Add to these two figures, the motors no load current in amps, and the motors winding resistance. And, last but not least, the maximum amperes allowed, and the motors weight in ounces.

So, when you've got the KV, Watts, No Load Amps, Winding resistance, you can predict how the motor will run with mathematical calculations. Some of the lower cost motors don't provide these four specifications. The more expensive higher quality motors almost always do.

The KV specification suggests how many RPM the motor will turn with a given battery voltage, and with no prop.

The Wattage specification is "horsepower", or what maximum power level the motor is rated for without melting into a puddle of copper.

The Motors No Load Amps is a suggestion of power loss in the motor while its running. That power loss is heat.

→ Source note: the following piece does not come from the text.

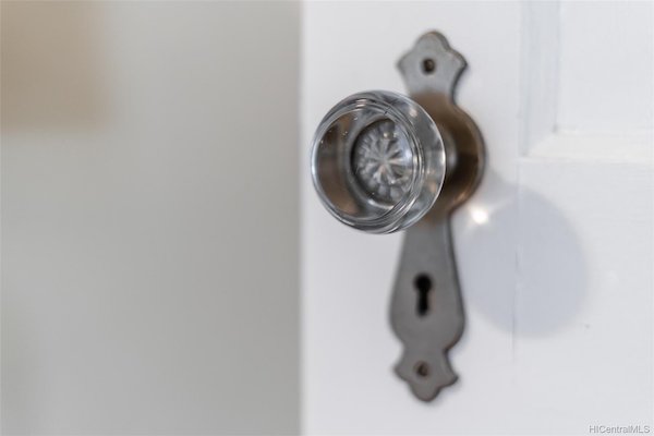オリジナルの窓、ドア、ガラスのドアノブ、天井のクラウンモールディング、象眼細工の堅木張りの床など、心奪われるディテールがオールドハワイの雰囲気を醸し出しています。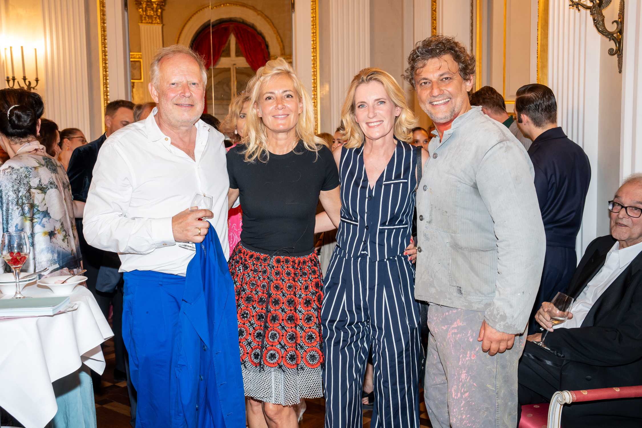 BMW und die Bayerische Staatsoper laden ein zu Oper für alle 2024 am 27. Juli auf dem Max-Joseph-Platz in München. V.l.n.r.: Axel Milberg (Schauspieler), Judith Milberg (Künstlerin), Maria Furtwängler (Schauspielerin) und Jonas Kaufmann (Opernsänger, als Mario Cavaradossi in ‚Tosca‘). Foto: ProjectImages / Gerald Matzka © BMW AG (07/2024)

The Winding Resistance is the resistance of the motors winding resistance of the copper windings. Total power loss is approximately the addition of no load power loss plus the power lost in the windings under load.

The maximum amperes is how much current the windings can handle without overheating. Multiply that maximum current times the voltage of the battery at the motors full load with a propeller, and you get Amps X Volts = Watts. And it takes 746 watts to get exactly one horsepower.

The motor weight is not really anything, but a crude rule of thumb. IMHO, be wary of any motor claiming to put out much more than 100 watts per ounce of motor weight. It might run pretty hot, and have pretty low efficiency.

This stuff can be calculated with someone very knowledgeable in this stuff. Or go to those computer programs such as www.motocalc.com that does it all for you. (Free for 30 days, then $39)

Hope this helps.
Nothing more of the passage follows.